Wu Zhiqiang (born 1 August 1960) is a Chinese engineer who is a counsellor for Shanghai Municipal Government, a former vice president of Tongji University, and an academician of the Chinese Academy of Engineering.

==Biography==
Wu was born in Shanghai, on 1 August 1960. He received his Bachelor of Engineering degree and Master of Engineering degree from Tongji University in 1982 and 1982, respectively. After graduating in 1985, he stayed at the university and worked as an instructor. In April 1988, he pursued advanced studies in Germany, earning Doctor of Engineering degree from Technische Universität Berlin in 1994. After university, he was recruited by the Berlin Institute of City and Architecture as a senior researcher.
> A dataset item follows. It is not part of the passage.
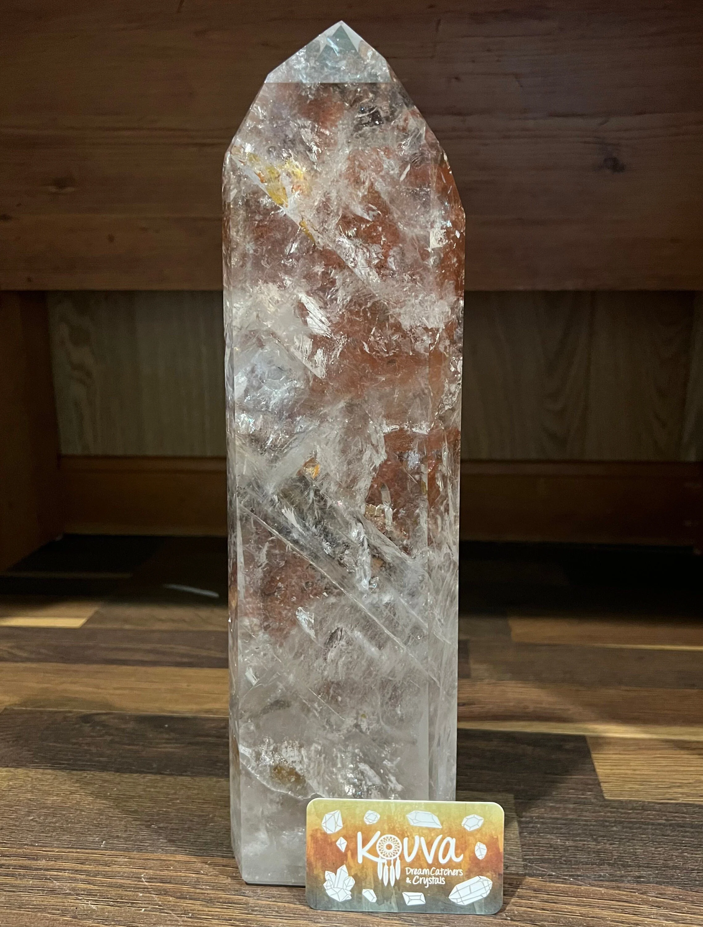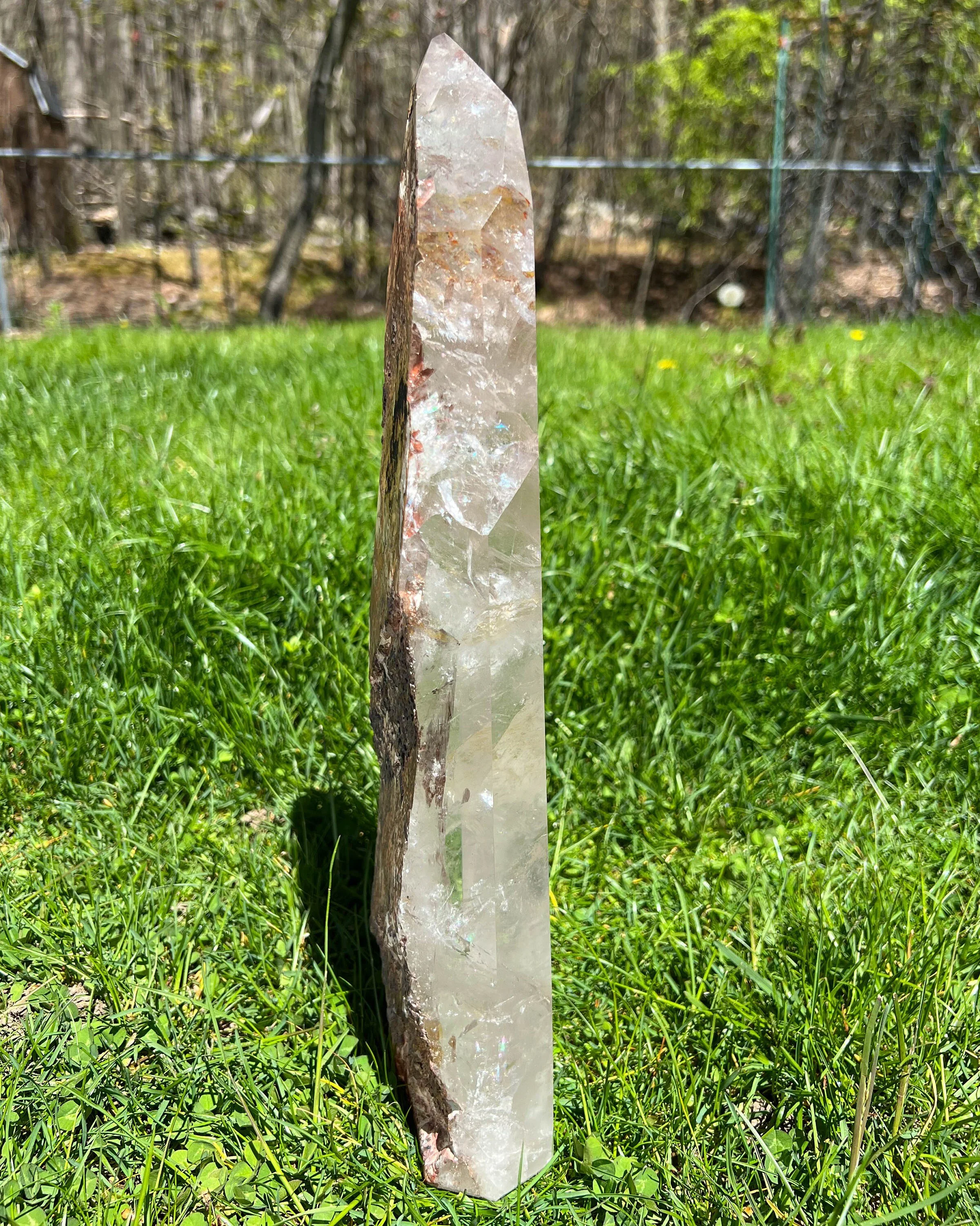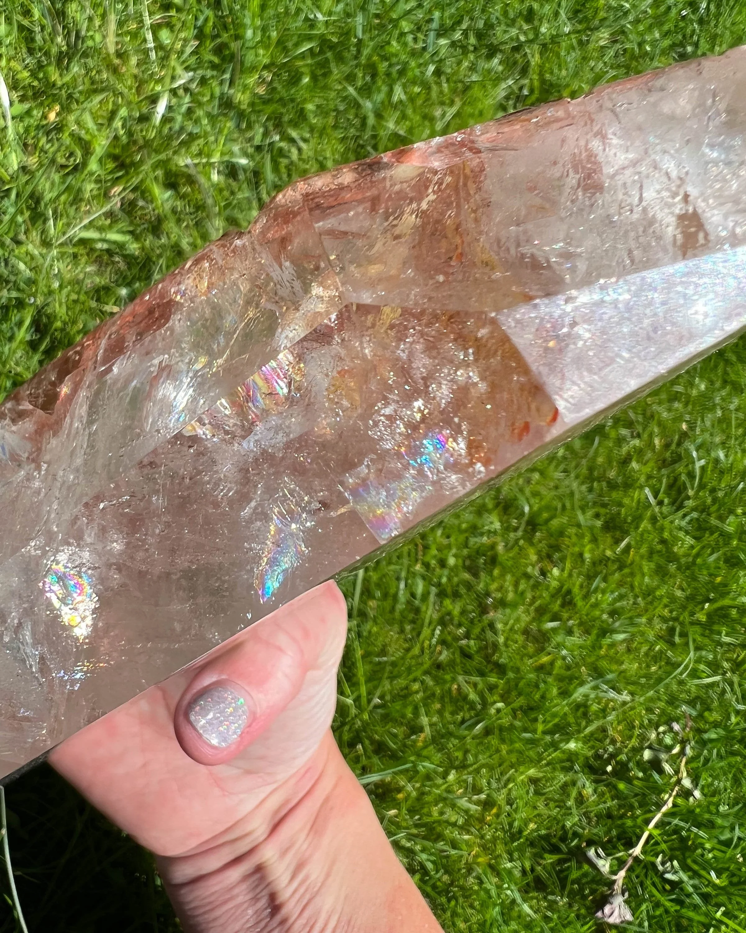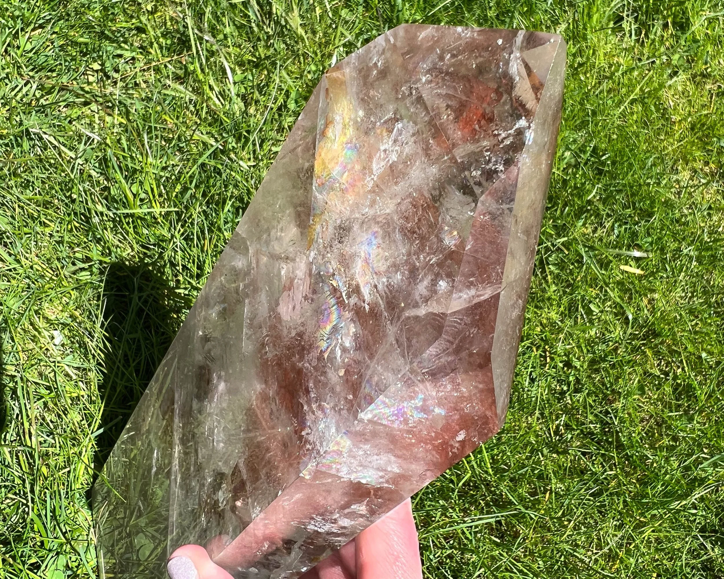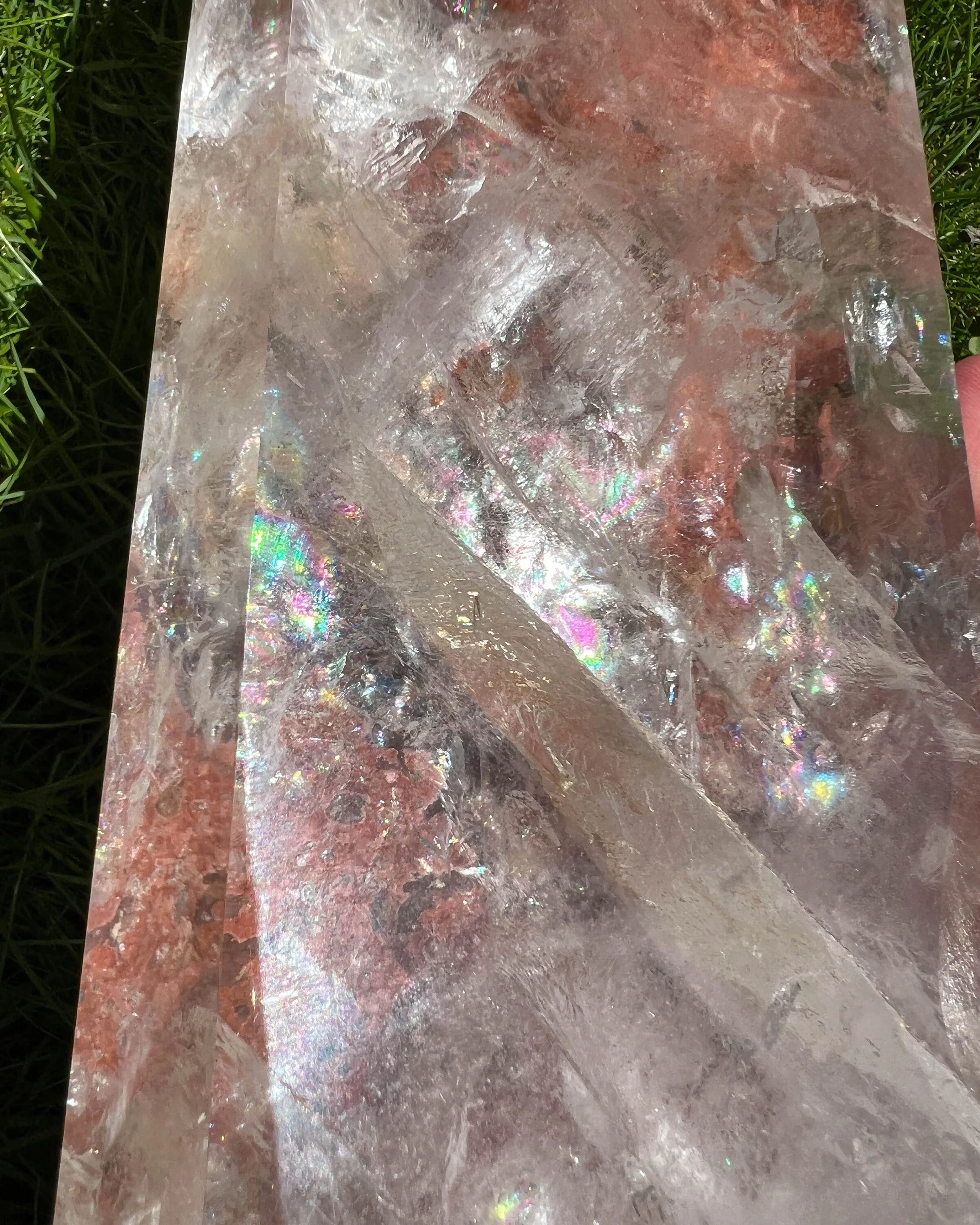 Large Hematoid Quartz Tower with Rainbows, Red Hematite in Quartz, Extra Large Quartz Crystal, Tabular Quartz Point, Home Decor, Polished

Wu returned to China in 1996 and continued to teach at Tongji University. In June 1996, he was appointed deputy dean of the School of Architecture and Urban Planning, rising to dean in 2003. After this office was terminated in September 2009, he became assistant to the president, serving until September 2011. He moved up the ranks to become vice president in October 2011. He also served as chief planner for Shanghai World Expo and Qingdao International Horticultural Exposition. In July 2021, he was hired by the Shanghai Municipal Government as a counsellor.

== Views ==
Wu developed the concept of "eco+" as part of his efforts to advocate for sustainable development centered on ecological principles. "Eco+" resonates with the harmonious society slogan articulated by Hu Jintao. The concept found favor with the Chinese state.

==Honours and awards==
- Academician of the Royal Swedish Academy of Engineering Sciences
- Fellow of the American Institute of Architects
- Fellow of the German Academy of Science and Engineering
- 27 November 2017 Member of the Chinese Academy of Engineering (CAE)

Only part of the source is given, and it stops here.